Деревенский бунт - Страница 104


К оглавлению

104
* * *

Посреди степной, лесной и озёрной красы и волюшки нежился я четверть века. В селе полюбовно жили русские и буряты, но всяк своим исконным ладом. Хотя… не буду трепать языком, словно боталом коровьим… любили и посмеяться друг над другом. Но, опять же, шутя-любя-играючи. Для потехи. А посему добродушные земляки обиды в сердце не копили и, посмеявшись над собой, случалось, одолевали немочь.

Лет до десяти жил я при керосиновой лампе… жаль, не при смолёвой лучине… и земляки мои телевизор видом не видывали, а иные и слыхом не слыхивали. Ведом не ведали, что за зверь эдакий – телевизор: душегубец, Змей Горыныч, коего пахотный мужик Микула Селянинович одолел, запряг в соху и опахал на Горыныче землю Русскую. В далёкую пору ляд пучеглазый ещё не полонил народ русский, а посему старые и малые спасались молитвой, потешались песней, пляской, игрой да байкой озорной. С Покрова Божией Матери долгими зимними вечерами оживали байки после летней спячки. В деревне после жнивья и молотьбы – роздых: всего-то и заботушки – бросить корове сенца, плеснуть пойлица да лошадёнку обиходить.

В древней ли избе отича и дедича, на таёжном ли займище, где лесничал отец, царствие ему небесное, мужики до третьих петухов заливали байки. А то и ведали страшные истории – бывальщины, от коих у меня, малого, ажно мороз по коже. Но лежу, бывалочи, на лавке, а у самого ушки на макушке – слушаю. Снежный куржак синеет на окошке – утро близится, светает.

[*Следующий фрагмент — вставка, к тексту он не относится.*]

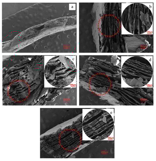 To visualize the effect of manganese dioxide on the expansion, SEM tests were performed, as shown in Figure 5. Figure 5b–e shows the microstructure of the samples with different manganese dioxide. At 0.001 g, the Vrm layer was the thinnest and the average layer spacing was the largest. With the increase in MnO2, the interlayer spacing of Vrm gradually decreased. The thickness of the layer also increased. The Vrm layers were not exfoliated at 0.02 because too fast an exothermic rate cannot reach expansion. It is consistent with the results in Figure 1. That is, the expansion rate was the largest at 0.001 g of MnO2. It is calculated that the exothermic rate at this time was 1960.42~2089.164 J/min. At this rate, the expansion effect is the best. It can effectively increase the volume of Vrm and affect the specific surface area, which is favorable for the adsorption of pollutants []. Therefore, 0.001 g will be selected for the follow-up study.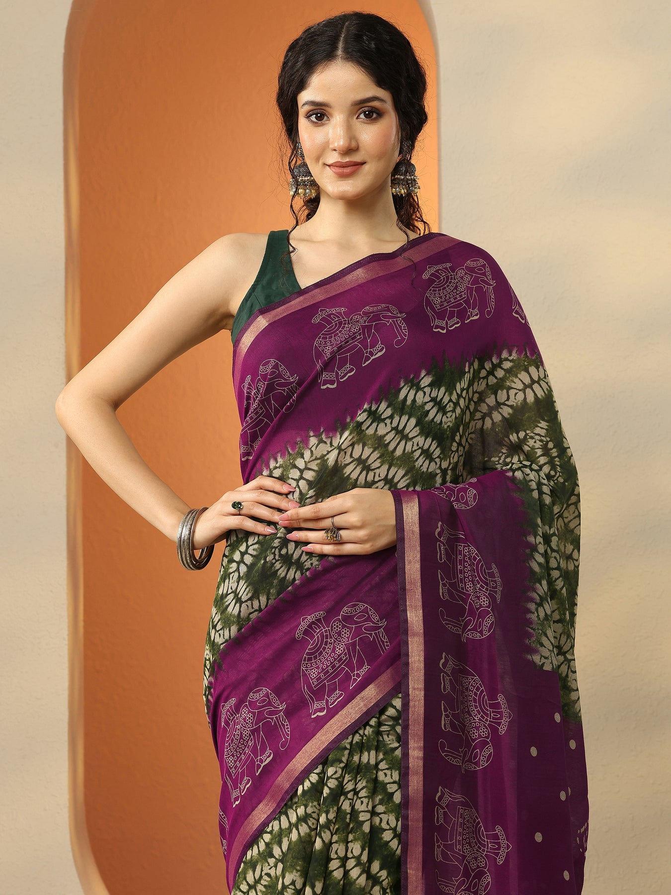 Green Printed Silk Blend Saree With Unstitched Blouse Piece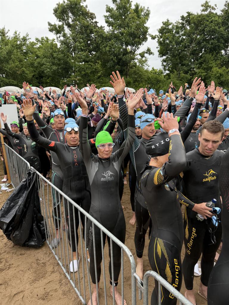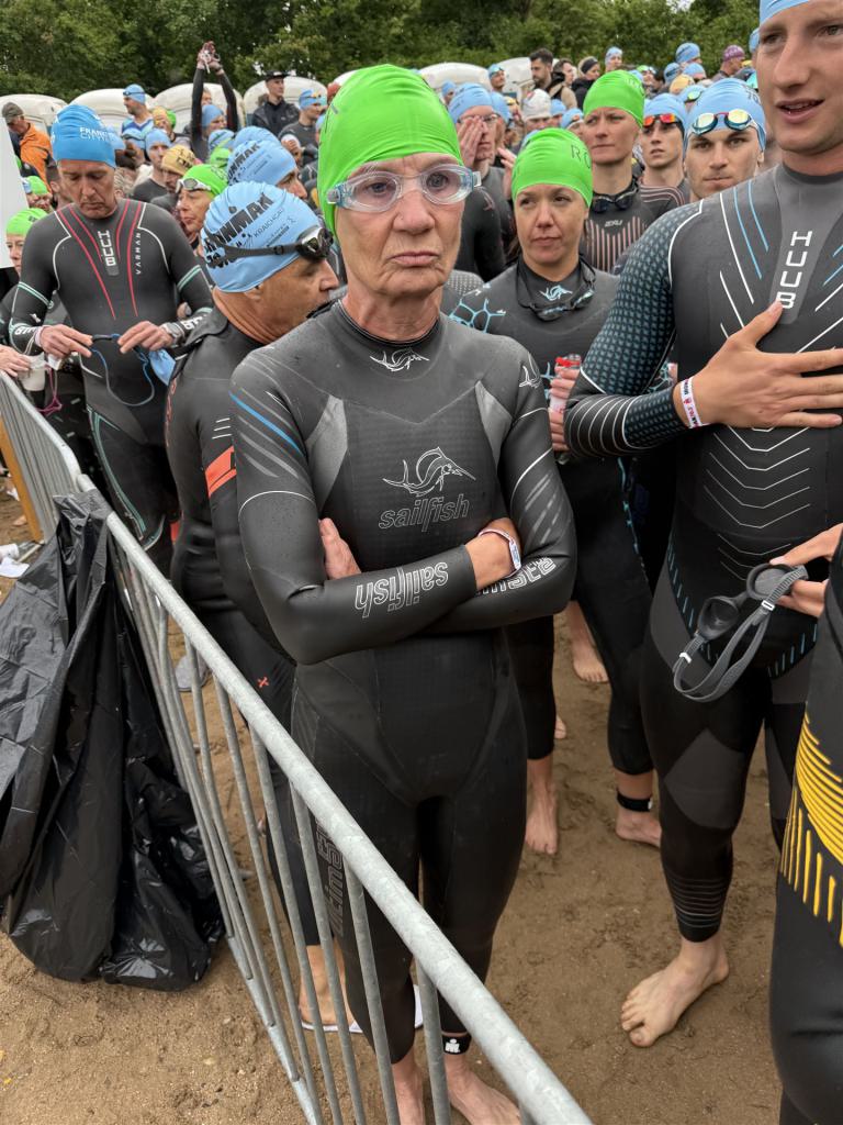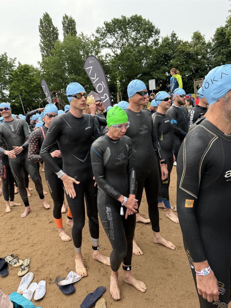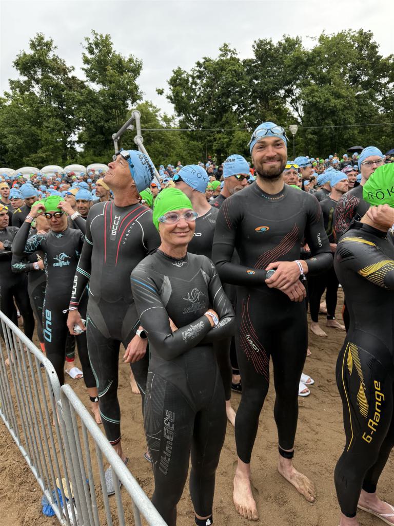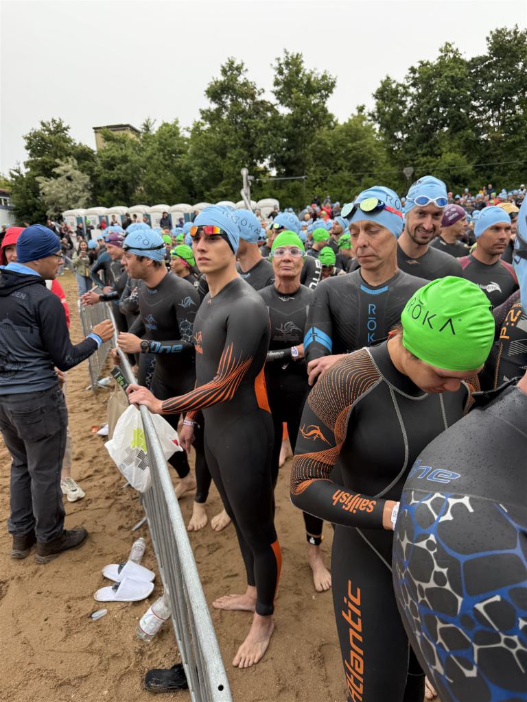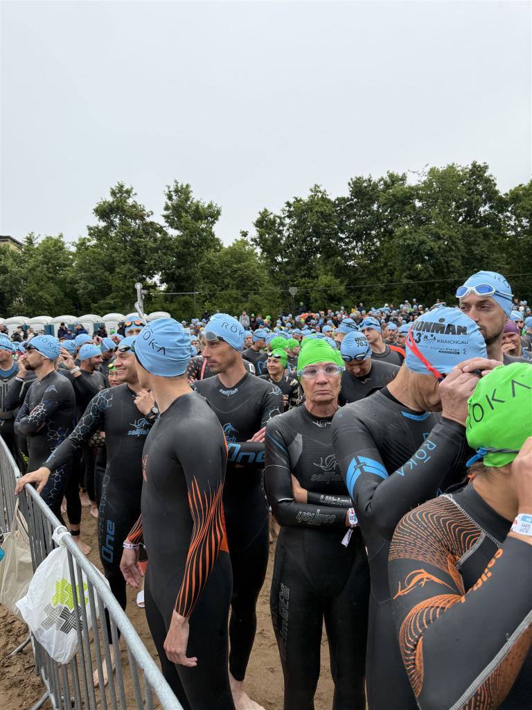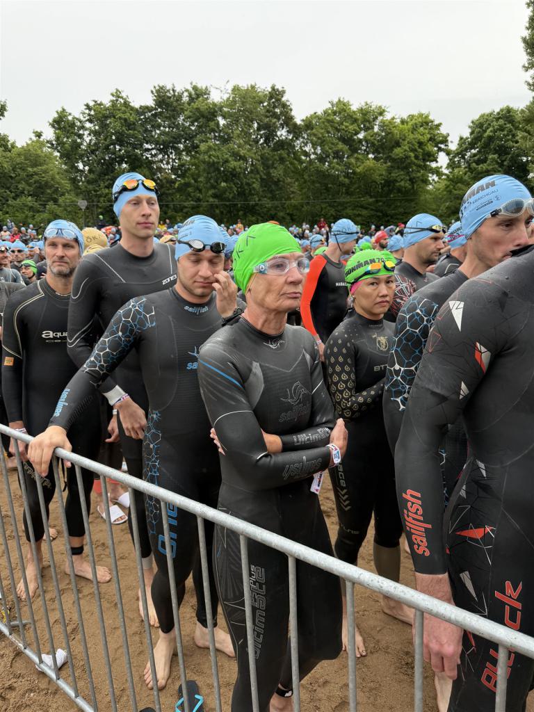 Ich gehe so circa 8:37 Uhr ins Wasser. Es wird eine Runde mit 1,9 Kilometer geschwommen.

Байки – не сказки, байки – чудные, смешные и грешные случаи из жизни. А уж где баешник приврёт для смаку и смеха ради – с ходу и не разберёшь. Иной загнёт так, что и на добром коне не объедешь. Одно слово, наврёт с три короба, но так браво, век бы слушал не переслушал. Про эдаких шутя пели:


Вруша по воду ходил,
В решете воду носил,
Помелом в избе метал,
Медведя за уши держал.

Ловкими баешниками, их ещё величали «бодяжники», слыли в деревне пожилые мужики, а то и старики – бабаи, коими матери вольных чадушек пугали: «Пореви, пореви, рёва-корова. Бабая-то позову, махом в лес уташит!..» Но бодяжник бодяжнику не ровня: иной зубы моет, лишь для потехи балагурит, а другой грусть-тоску разгонит и уму-разуму научит.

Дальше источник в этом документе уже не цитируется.